Couple seek to have convictions thrown out, cite corrupt Chicago cop

Couple seek to have convictions thrown out, cite corrupt Chicago cop

Ben Baker had long been a thorn in the side of corrupt Chicago police Sgt. Ronald Watts, who framed the part-time drug dealer on a narcotics charge in retaliation for refusing to pay a protection payoff of $1,000, court records show.

While Baker was on bond awaiting trial in December 2005, he and his wife, Clarissa Glenn, were stopped by Watts and one of his team members. Once again, the officers claimed they found a bag of heroin in Baker’s car and tagged the couple with major felony drug charges, according to the court records.

Faced with up to 15 years in prison and frightened that their young children would be left without parents, the couple copped deals with prosecutors in order to spare Glenn from prison. Baker, though, had an additional two years tacked on to his sentence for the other drug case — a total of 14 years behind bars.

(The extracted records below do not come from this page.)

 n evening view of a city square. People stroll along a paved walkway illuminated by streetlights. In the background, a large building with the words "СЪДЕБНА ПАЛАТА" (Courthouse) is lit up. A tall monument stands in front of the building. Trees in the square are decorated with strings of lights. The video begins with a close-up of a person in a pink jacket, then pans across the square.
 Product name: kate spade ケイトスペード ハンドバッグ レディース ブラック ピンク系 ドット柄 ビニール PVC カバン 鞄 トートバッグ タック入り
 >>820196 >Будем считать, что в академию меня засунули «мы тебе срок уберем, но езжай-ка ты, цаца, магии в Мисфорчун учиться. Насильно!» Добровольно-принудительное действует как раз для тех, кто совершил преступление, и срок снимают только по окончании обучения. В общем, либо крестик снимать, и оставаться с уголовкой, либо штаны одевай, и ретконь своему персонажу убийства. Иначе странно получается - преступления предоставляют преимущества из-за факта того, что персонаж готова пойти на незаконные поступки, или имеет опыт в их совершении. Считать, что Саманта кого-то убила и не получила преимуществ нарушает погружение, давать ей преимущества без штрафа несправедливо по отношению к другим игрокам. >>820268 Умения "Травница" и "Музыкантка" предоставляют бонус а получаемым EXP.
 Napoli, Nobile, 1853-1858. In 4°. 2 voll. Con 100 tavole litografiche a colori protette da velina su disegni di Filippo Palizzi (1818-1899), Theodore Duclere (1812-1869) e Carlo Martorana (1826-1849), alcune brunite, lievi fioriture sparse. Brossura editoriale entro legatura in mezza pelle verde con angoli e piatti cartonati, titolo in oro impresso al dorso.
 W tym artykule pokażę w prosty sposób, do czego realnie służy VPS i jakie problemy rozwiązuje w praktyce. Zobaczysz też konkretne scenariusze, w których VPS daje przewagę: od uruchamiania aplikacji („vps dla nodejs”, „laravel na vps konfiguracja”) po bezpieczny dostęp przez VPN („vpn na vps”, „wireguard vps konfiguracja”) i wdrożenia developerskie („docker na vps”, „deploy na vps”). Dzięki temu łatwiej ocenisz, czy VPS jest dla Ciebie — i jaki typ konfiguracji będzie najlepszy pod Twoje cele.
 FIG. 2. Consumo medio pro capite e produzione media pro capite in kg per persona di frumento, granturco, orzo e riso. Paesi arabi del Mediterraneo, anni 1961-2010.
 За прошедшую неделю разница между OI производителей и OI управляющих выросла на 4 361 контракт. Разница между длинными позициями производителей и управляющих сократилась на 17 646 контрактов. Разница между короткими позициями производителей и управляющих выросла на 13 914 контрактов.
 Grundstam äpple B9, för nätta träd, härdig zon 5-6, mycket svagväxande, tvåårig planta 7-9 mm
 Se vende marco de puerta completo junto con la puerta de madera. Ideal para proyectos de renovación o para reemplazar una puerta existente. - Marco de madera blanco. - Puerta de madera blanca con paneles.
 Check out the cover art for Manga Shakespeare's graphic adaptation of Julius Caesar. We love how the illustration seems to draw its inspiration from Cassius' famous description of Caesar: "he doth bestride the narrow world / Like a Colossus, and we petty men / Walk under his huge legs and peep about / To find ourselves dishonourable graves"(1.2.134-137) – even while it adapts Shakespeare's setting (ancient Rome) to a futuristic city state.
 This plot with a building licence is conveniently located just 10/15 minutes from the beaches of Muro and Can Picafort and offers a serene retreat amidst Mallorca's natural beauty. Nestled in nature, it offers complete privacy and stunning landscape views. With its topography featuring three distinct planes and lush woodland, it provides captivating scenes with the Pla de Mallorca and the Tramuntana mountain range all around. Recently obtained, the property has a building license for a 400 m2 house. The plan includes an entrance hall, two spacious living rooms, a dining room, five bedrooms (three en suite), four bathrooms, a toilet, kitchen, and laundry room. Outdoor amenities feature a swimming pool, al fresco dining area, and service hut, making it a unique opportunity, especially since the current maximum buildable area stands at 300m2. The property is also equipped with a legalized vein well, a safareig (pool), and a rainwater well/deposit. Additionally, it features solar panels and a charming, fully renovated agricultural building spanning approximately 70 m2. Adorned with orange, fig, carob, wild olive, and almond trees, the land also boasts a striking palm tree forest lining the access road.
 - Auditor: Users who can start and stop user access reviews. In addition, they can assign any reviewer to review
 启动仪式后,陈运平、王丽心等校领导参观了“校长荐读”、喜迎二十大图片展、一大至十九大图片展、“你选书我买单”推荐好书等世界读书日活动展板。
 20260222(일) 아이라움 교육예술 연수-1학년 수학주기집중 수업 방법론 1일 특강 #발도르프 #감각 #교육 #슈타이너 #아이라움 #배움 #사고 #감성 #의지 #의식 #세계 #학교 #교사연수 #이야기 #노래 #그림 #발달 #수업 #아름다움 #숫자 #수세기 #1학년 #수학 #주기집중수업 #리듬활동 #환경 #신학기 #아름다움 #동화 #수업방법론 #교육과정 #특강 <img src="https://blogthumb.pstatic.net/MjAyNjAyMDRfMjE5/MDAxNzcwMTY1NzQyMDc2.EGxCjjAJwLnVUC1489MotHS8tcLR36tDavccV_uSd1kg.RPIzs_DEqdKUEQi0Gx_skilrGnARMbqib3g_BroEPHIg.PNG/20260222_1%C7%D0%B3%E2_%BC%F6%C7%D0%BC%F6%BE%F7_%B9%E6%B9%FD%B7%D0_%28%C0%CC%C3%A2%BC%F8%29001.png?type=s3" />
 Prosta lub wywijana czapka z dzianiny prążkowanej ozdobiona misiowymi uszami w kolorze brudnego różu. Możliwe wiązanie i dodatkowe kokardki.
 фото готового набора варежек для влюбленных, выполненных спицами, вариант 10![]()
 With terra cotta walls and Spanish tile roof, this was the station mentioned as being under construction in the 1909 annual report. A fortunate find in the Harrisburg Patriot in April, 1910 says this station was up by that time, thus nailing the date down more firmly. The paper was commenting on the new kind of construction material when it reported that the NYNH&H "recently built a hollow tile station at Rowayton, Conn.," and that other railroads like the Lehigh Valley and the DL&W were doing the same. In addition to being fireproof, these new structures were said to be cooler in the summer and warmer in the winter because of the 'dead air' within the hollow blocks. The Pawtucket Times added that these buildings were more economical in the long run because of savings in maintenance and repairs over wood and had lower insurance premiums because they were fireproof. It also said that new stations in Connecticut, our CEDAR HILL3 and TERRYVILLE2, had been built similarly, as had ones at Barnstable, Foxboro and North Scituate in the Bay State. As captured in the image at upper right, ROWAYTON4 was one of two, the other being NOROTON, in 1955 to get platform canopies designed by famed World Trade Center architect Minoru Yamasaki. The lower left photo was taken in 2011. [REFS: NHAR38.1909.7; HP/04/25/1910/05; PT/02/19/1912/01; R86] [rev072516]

Now Baker and Glenn are seeking to have those guilty pleas thrown out, claiming in a court filing last week that Watts had planted the heroin — this time as retribution for blowing the whistle on him. Watts had been tipped off that Baker had gone to the Chicago police internal affairs division about his earlier shakedown, records show.

To buttress their claim, the couple has produced court records that show the judge who took their guilty pleas in September 2006 was already aware that Watts’ crew was under investigation, according to the petition filed in Cook County Criminal Court.

In fact, Judge Michael Toomin told the couple that if the allegations were ever proved, they could come back to court and he would gladly throw out their cases.

The court filing marks the latest fallout over the corrupt squad led by Watts, who in 2012 was charged along with one of his underlings, Officer Kallatt Mohammed, with shaking down a drug courier who turned out to be an FBI informant. Both were convicted and sentenced to federal prison.

Baker was freed in January after serving more than a decade of his 14-year sentence. Cook County prosecutors agreed to drop the original drug charge against him after his lawyer, Joshua Tepfer, revealed dozens of pages of court and law enforcement records showing that police internal affairs had been aware as far back as the late 1990s of corruption allegations involving Watts’ team — yet failed to take them off the street.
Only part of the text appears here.